_Task brief:_
Copy the data exactly as it appears, and do not include any pictures.

_Input for this task:_

---+---

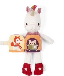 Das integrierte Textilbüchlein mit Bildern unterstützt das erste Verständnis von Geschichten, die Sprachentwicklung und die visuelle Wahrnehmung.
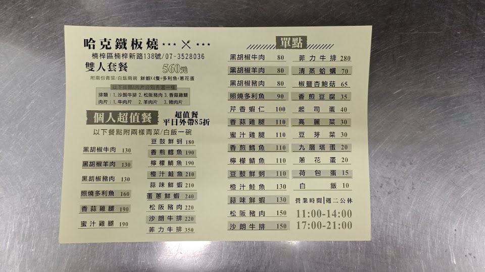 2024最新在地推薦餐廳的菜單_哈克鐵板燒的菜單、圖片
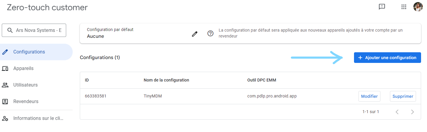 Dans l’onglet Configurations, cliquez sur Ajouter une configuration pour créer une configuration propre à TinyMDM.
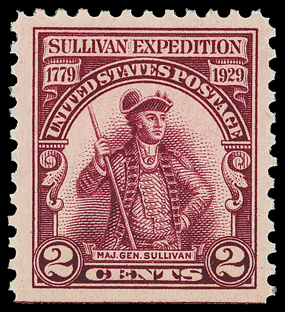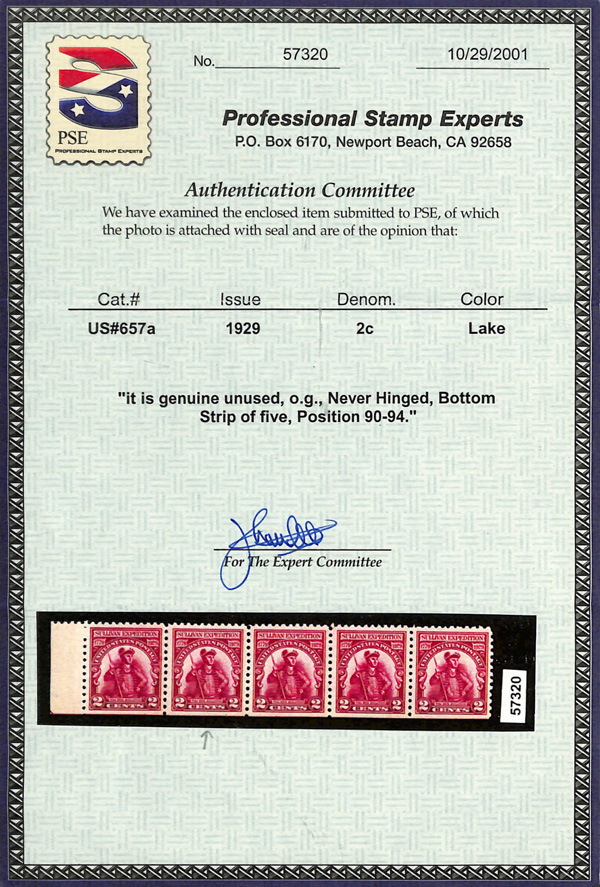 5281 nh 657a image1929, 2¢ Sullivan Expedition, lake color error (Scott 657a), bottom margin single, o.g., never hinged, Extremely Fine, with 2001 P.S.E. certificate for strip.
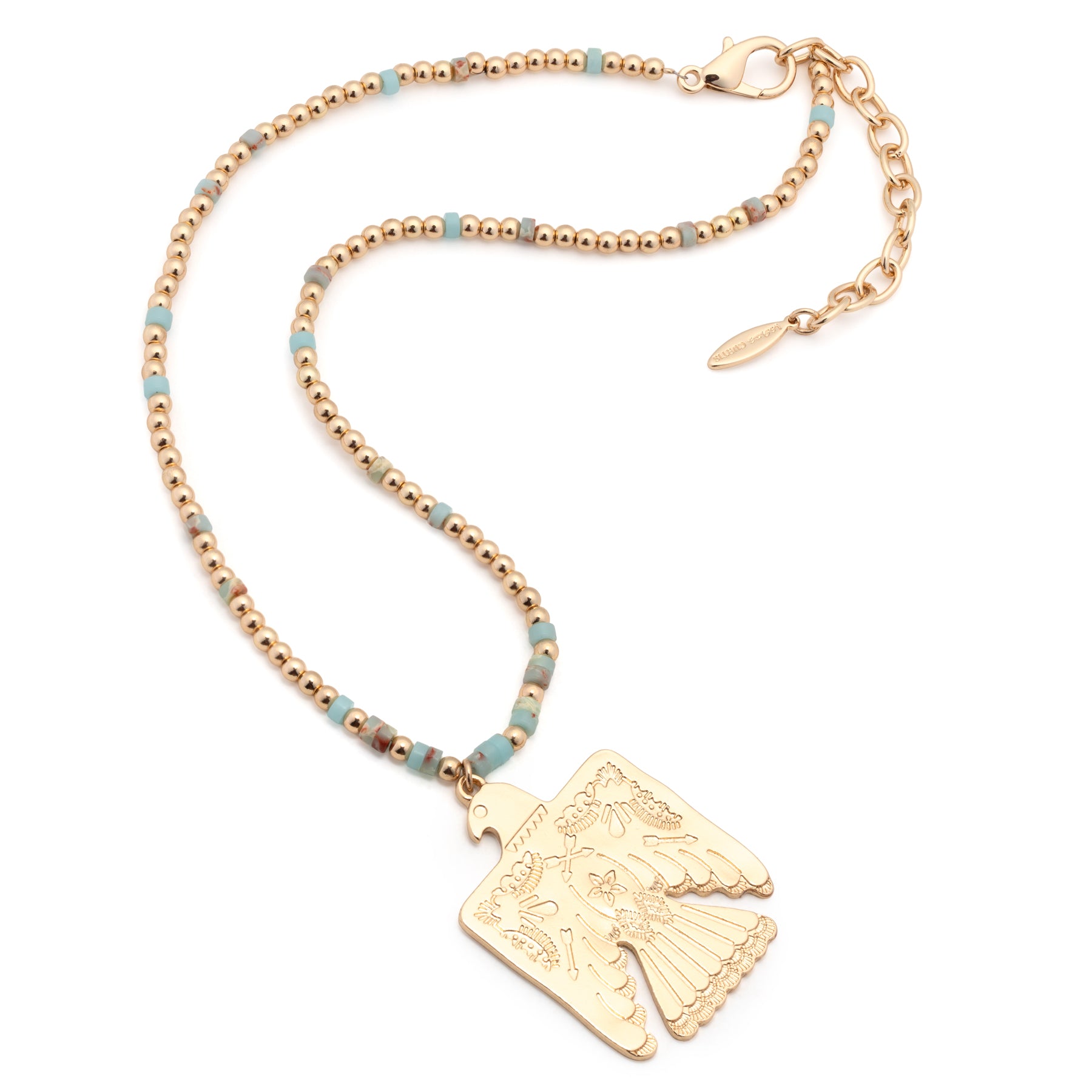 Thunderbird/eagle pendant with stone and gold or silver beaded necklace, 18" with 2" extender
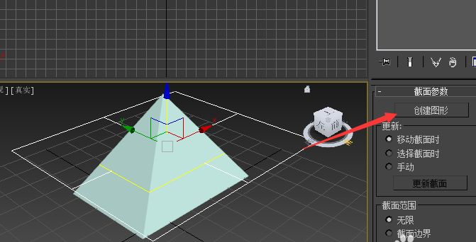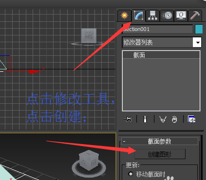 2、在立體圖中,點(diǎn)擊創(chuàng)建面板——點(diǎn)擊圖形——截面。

---+---

_Output for this task:_
 Das integrierte Textilbüchlein mit Bildern unterstützt das erste Verständnis von Geschichten, die Sprachentwicklung und die visuelle Wahrnehmung.
 2024最新在地推薦餐廳的菜單_哈克鐵板燒的菜單、圖片
 Dans l’onglet Configurations, cliquez sur Ajouter une configuration pour créer une configuration propre à TinyMDM.
 5281 nh 657a image1929, 2¢ Sullivan Expedition, lake color error (Scott 657a), bottom margin single, o.g., never hinged, Extremely Fine, with 2001 P.S.E. certificate for strip.
 Thunderbird/eagle pendant with stone and gold or silver beaded necklace, 18" with 2" extender
 2、在立體圖中,點(diǎn)擊創(chuàng)建面板——點(diǎn)擊圖形——截面。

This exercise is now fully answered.